[Items from a data source]
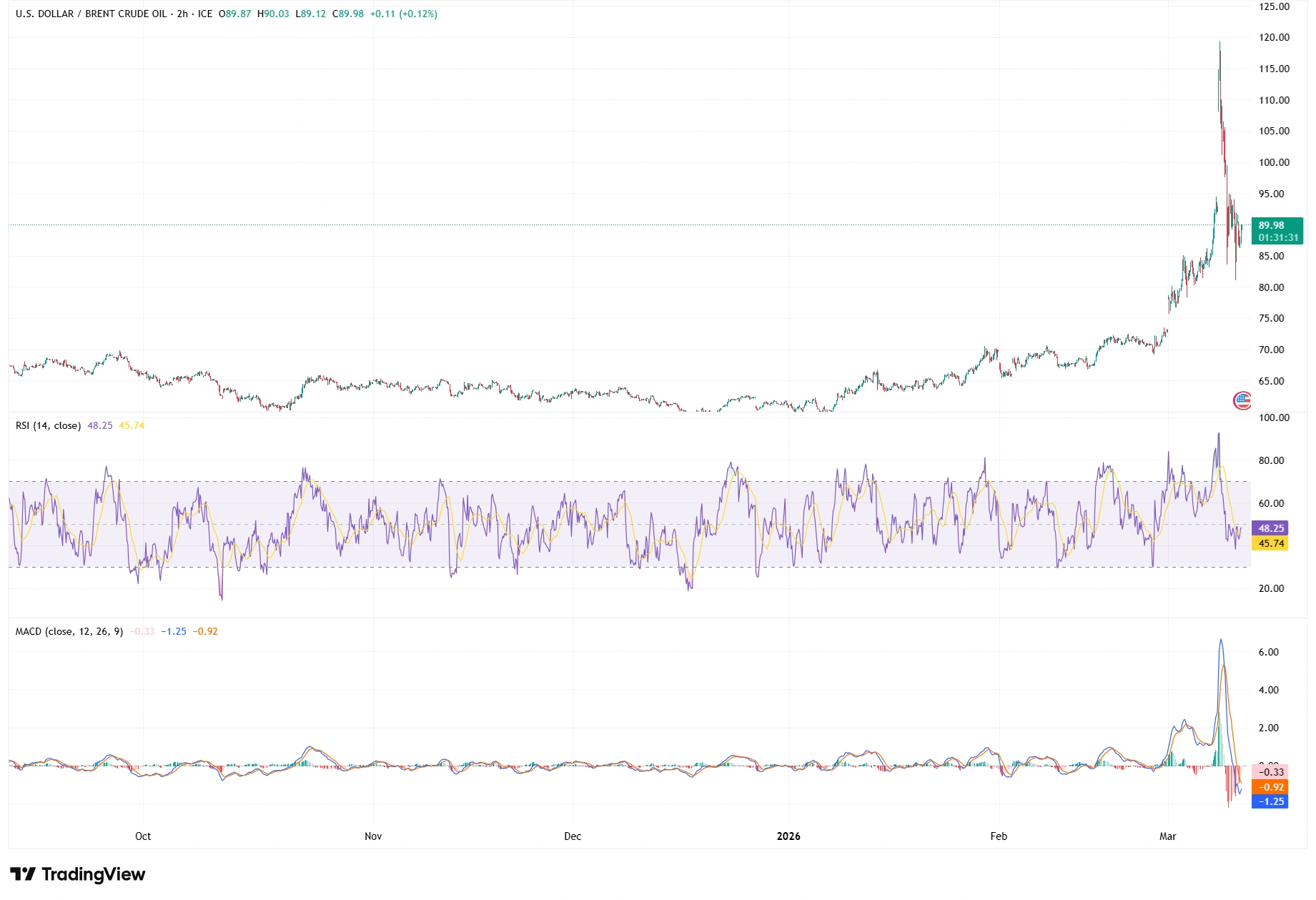 Brent Crude 2H Chart: Compression, Spike, and Reversal
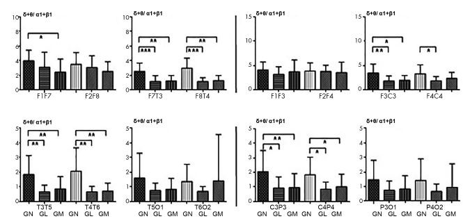 El índice θ/β2 disminuye de GN a los otros grupos, excepto para GL en F2F8 y F2F4 y el índice de δ+θ/α1+β1 que presentó valores similares en derivaciones témporo- y parieto-occipitales de AH, así como en F1F3, F2F4 y F2F8. En las otras derivaciones, los valores fueron significativamente menores en GL y GM comparados con GN (figura 8).
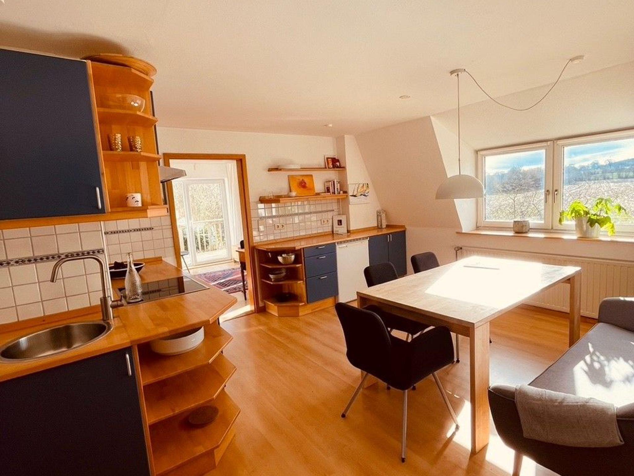 Die gesamte Ferienwohnung ist gemütlich und stillvoll eingerichtet. Unsere Wohnküche (mit Sofa) ist bestens ausgestattet für gemeinsame Kochaktionen. Im geräumigen Bad befindet sich neben der Dusche auch eine Badewanne.
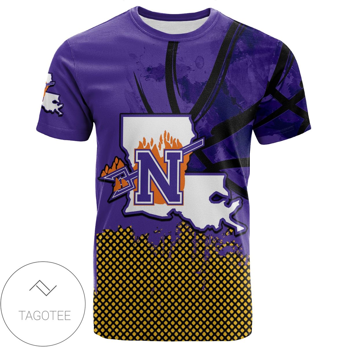 Northwestern State Demons All Over Print T-shirt Men’s Basketball Net Grunge Pattern – NCAA
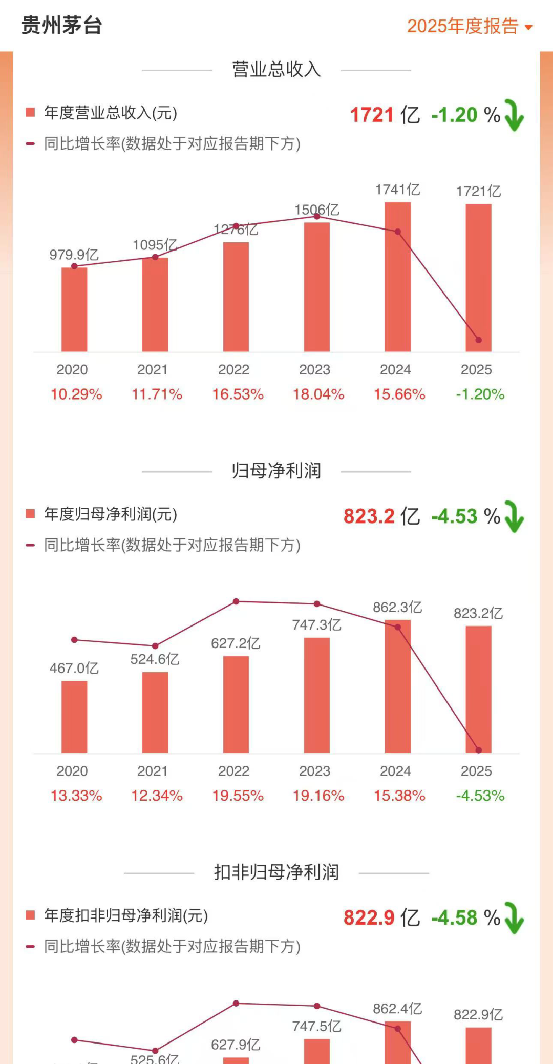 6.张德芹(2024-2025):作为茅台新掌舵人,其任职期间(2024年4月至2025年)遭遇贵州茅台2001年上市以来首次营收、净利双负增长(2025年营收同比-1.21%、归母净利润同比-4.53%),压力巨大。值得注意的是,2025年10月25日,茅台集团宣布人事调整,张德芹不再担任茅台集团董事长职务,另作他任,由贵州省能源局局长陈华接任,其任职未满两年便卸任,与此次茅台25年来首次下跌的经营压力存在直接关联。作为从茅台车间走出的“老茅台”,张德芹此番卸任颇受外界意外,其后续任职安排暂未进一步公开。
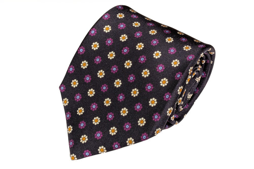 MILANO SERIES ネクタイ ◆ 花柄 (ネイビー×パープル)《セッテピエゲ》

### WHAT YOU SHOULD DO
Could all the data above be given again exactly, leaving out its images?

### REPLY
 Brent Crude 2H Chart: Compression, Spike, and Reversal
 El índice θ/β2 disminuye de GN a los otros grupos, excepto para GL en F2F8 y F2F4 y el índice de δ+θ/α1+β1 que presentó valores similares en derivaciones témporo- y parieto-occipitales de AH, así como en F1F3, F2F4 y F2F8. En las otras derivaciones, los valores fueron significativamente menores en GL y GM comparados con GN (figura 8).
 Die gesamte Ferienwohnung ist gemütlich und stillvoll eingerichtet. Unsere Wohnküche (mit Sofa) ist bestens ausgestattet für gemeinsame Kochaktionen. Im geräumigen Bad befindet sich neben der Dusche auch eine Badewanne.
 Northwestern State Demons All Over Print T-shirt Men’s Basketball Net Grunge Pattern – NCAA
 6.张德芹(2024-2025):作为茅台新掌舵人,其任职期间(2024年4月至2025年)遭遇贵州茅台2001年上市以来首次营收、净利双负增长(2025年营收同比-1.21%、归母净利润同比-4.53%),压力巨大。值得注意的是,2025年10月25日,茅台集团宣布人事调整,张德芹不再担任茅台集团董事长职务,另作他任,由贵州省能源局局长陈华接任,其任职未满两年便卸任,与此次茅台25年来首次下跌的经营压力存在直接关联。作为从茅台车间走出的“老茅台”,张德芹此番卸任颇受外界意外,其后续任职安排暂未进一步公开。
 MILANO SERIES ネクタイ ◆ 花柄 (ネイビー×パープル)《セッテピエゲ》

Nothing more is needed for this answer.